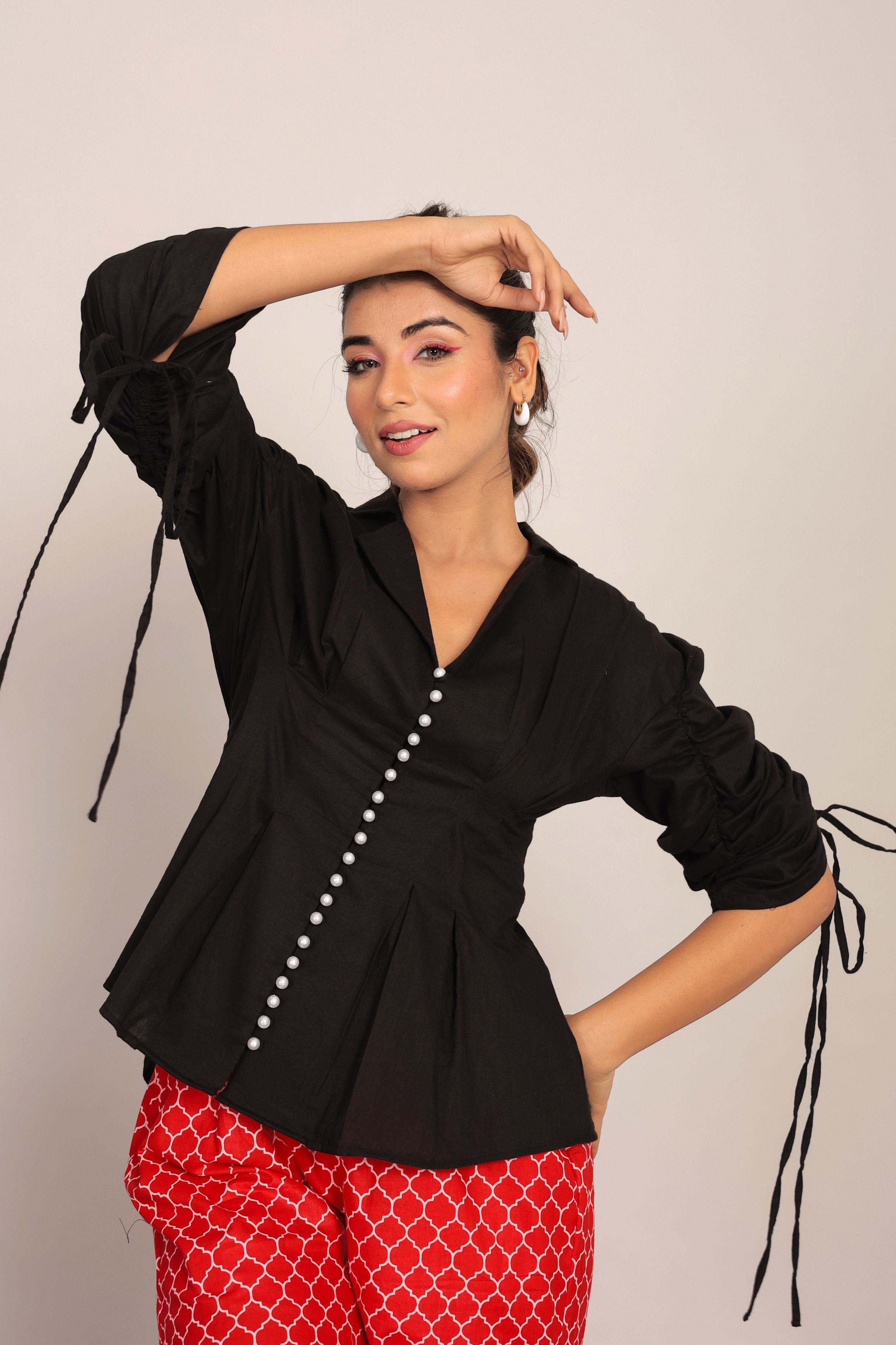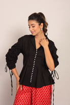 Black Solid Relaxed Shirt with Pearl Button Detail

---

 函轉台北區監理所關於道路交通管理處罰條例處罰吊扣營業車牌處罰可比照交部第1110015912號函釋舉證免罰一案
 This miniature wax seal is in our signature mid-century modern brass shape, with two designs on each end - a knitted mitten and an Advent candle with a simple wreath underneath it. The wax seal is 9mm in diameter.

...

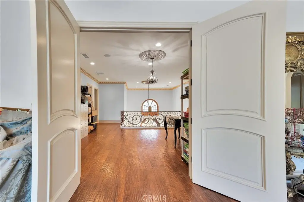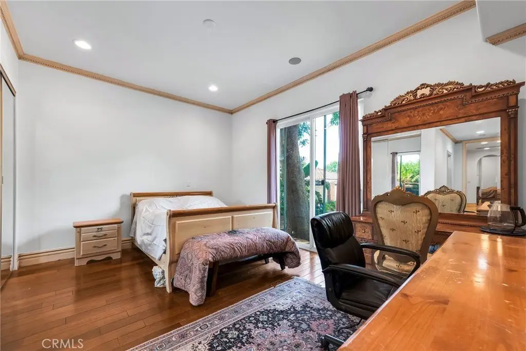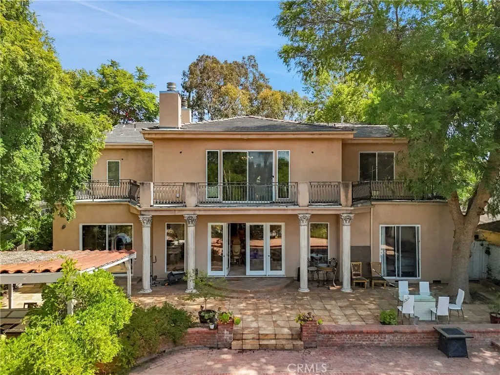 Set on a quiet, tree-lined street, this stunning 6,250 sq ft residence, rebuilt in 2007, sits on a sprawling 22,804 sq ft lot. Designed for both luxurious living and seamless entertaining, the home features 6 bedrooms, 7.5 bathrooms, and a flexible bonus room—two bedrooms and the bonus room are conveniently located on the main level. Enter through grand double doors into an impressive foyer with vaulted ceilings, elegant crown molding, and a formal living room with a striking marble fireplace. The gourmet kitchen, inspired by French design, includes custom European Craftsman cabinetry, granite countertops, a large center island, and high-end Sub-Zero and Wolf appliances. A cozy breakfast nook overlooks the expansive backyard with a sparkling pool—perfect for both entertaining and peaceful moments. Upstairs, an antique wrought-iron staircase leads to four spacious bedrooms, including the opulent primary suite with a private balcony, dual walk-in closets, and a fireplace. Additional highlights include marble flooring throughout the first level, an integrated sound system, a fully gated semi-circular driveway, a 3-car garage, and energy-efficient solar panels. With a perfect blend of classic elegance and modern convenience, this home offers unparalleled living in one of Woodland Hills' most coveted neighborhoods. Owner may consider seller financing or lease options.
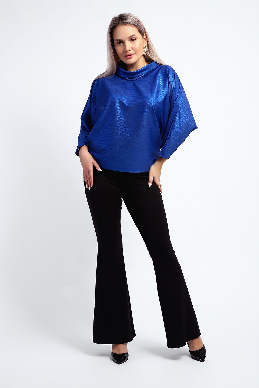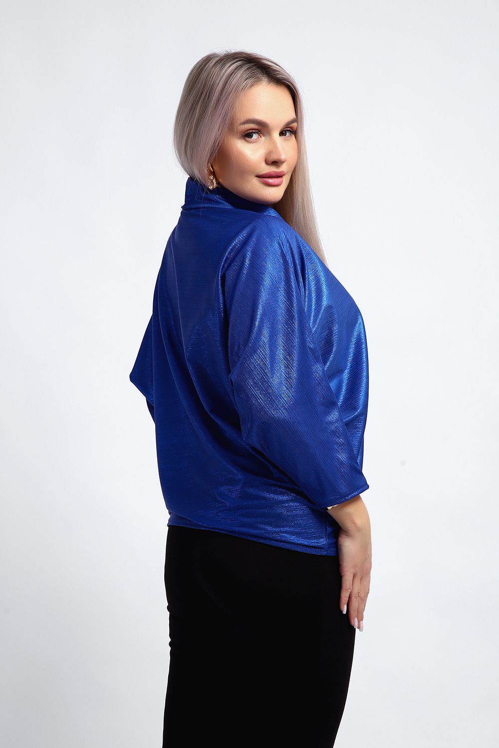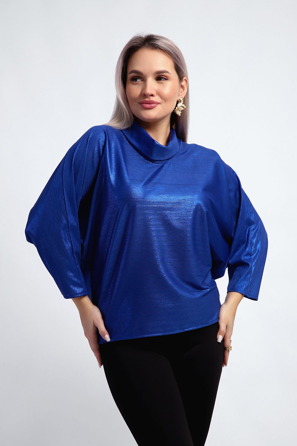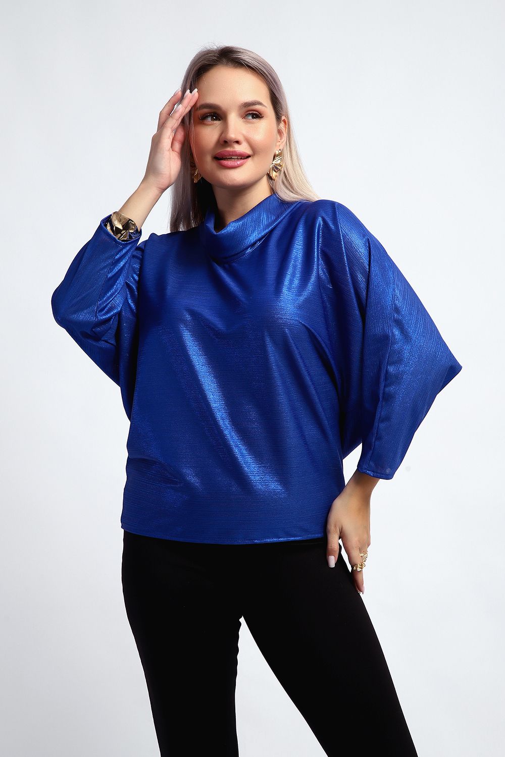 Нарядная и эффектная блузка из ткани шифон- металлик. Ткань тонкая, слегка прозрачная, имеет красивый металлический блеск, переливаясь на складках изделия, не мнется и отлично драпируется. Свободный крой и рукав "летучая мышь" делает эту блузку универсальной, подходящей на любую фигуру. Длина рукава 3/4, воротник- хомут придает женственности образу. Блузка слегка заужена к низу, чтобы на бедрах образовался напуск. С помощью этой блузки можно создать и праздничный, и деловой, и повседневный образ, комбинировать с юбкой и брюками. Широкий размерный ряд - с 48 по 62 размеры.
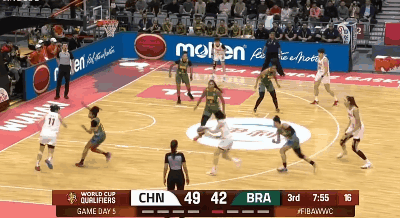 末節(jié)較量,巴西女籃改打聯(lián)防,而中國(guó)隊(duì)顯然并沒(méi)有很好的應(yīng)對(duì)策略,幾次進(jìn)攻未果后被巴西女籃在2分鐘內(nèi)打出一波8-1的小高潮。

◆ Assignment ◆
Within the listing above, locate the line containing "函轉台北區監理所關於道路交通" and the line containing "This miniature wax". Reproduce those two lines and all lines between them exactly, with nothing added.

◆ Completed exercise ◆
 函轉台北區監理所關於道路交通管理處罰條例處罰吊扣營業車牌處罰可比照交部第1110015912號函釋舉證免罰一案
 This miniature wax seal is in our signature mid-century modern brass shape, with two designs on each end - a knitted mitten and an Advent candle with a simple wreath underneath it. The wax seal is 9mm in diameter.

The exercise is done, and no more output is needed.